Prop 23 could improve state's economy

Katy Grimes: The Legislative Analyst’s Office reported today that if Proposition 23 is passed, the state’s economy will improve “modestly.” However, before LAO analyst Mark Newton could give the rest of the good news, his testimony was interrupted and redirected.

Today the mandatory hearing for Proposition 23 took place at the Capitol. And the bias was prounounced – in the committee and in the audience. Seated in the gallery were far more anti-prop 23 spectators and special interests than Prop 23 supporters.

How do I know this? Seated right in the middle of the pack, I was privy to every whisper, hiss, gasp and snarky comment from opponents of the measure whenever Marysville Republican Assemblyman Dan Logue opended his mouth to ask a question or make a comment, or when proponents from the Howard Jarvis Taxpayer’s Association, and the NFIB spoke.

But the moment during the hearing that made me emit an audible gasp was when Senate Environmental Committee chairman, Senator Joe Simitian, D-Palo Alto, stopped LAO analyst Mark Newton  from stating that even with the “modestly higher economic activity” the state would enjoy with passage of Prop 23, “this would translate into an unknown but potentially significant increase in revenues to state and local government,” as he read from the LAO’s Prop 23 report.

The “modest uptick to the economy would result in increased revenue to state and local governments,” was all Newton got out, earlier in the hearing.

This is big!  Any “uptick” in the economy in the state is something the legislature is obligated to pursue, for the good of the everyone in the state.

Instead, Democrat committee members Assemblyman Wesley Chesbro and Senator Fran Pavely railed against the initiative, seeming determined to pursue their own agendas, ignoring the positive economic news.

Newton carefully explained that during LAO research, they weighed all of the factors before they concluded that Prop 23 would result in a modest improvement to the state’s economy.

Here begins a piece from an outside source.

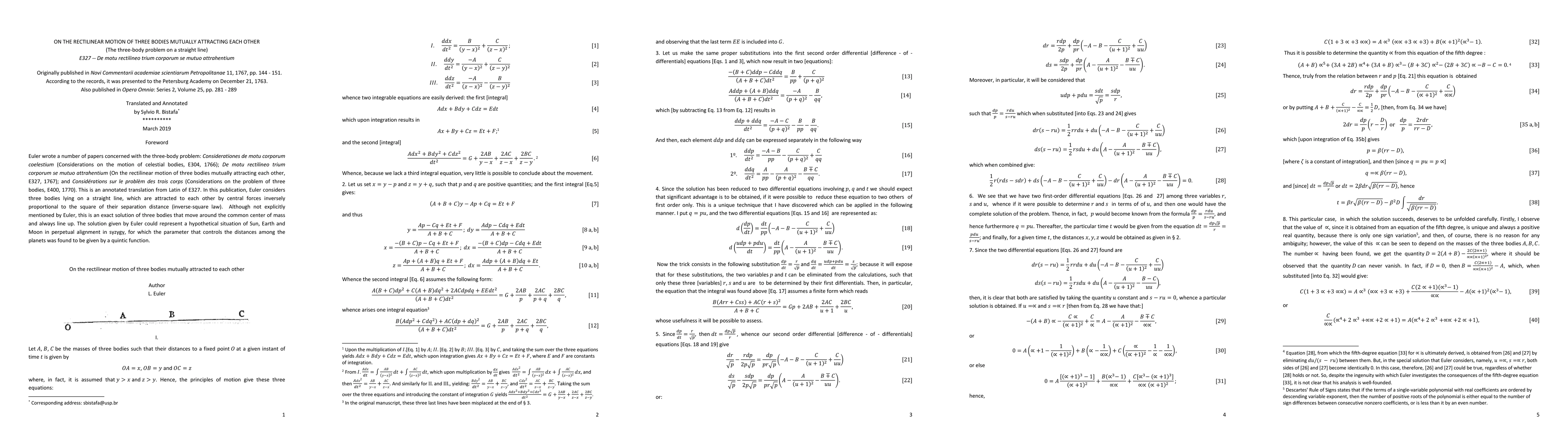 This annotated translation of Euler's Latin work "De motu rectilineo trium corporum se mutuo attrahentium" presents an exact solution for three bodies on a straight line, attracted by inverse-square law forces, potentially modeling a perpetual syzygy of Sun, Earth, and Moon, with distances governed by a quintic function.
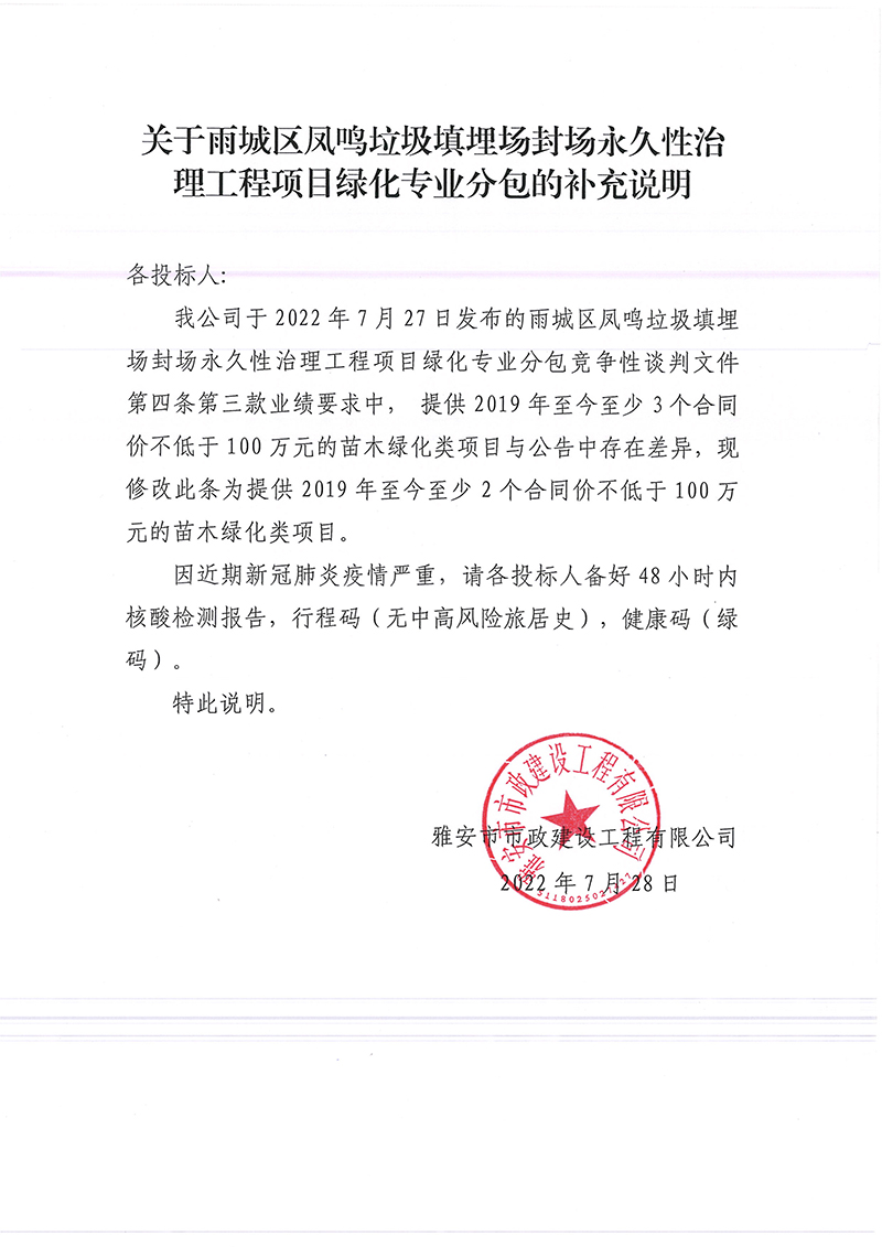 關(guān)于雨城區(qū)鳳鳴垃圾填埋場(chǎng)封場(chǎng)永久性治理工程項(xiàng)目綠化專業(yè)分包的補(bǔ)充說明

It was disheartening to observe elected state officials allowing personal agendas override sound, non-partisan research.

And what were Logue’s damning comments? Logue said that “Prop 23 would save the people of the state from the largest enery tax in history, by suspending – not repealing – AB 32.” And Logue was critical of the massive subsidies to the green businesses in the state. “Tap the real economy, get unemployment down, do what Texas is doing with the largest wind farm in the country,” said Logue.

Critical of the subsidies propping up green tech and green businesses, Logue told of Spain’s 20 percent unemployment rate after subsidizing its green businesses, and Italy’s loss of 6 to 7 jobs for every subsidized green job. Logue recommended that green business stand on its own, and is “good for the future. If AB 32 is so great, why do we need a law?”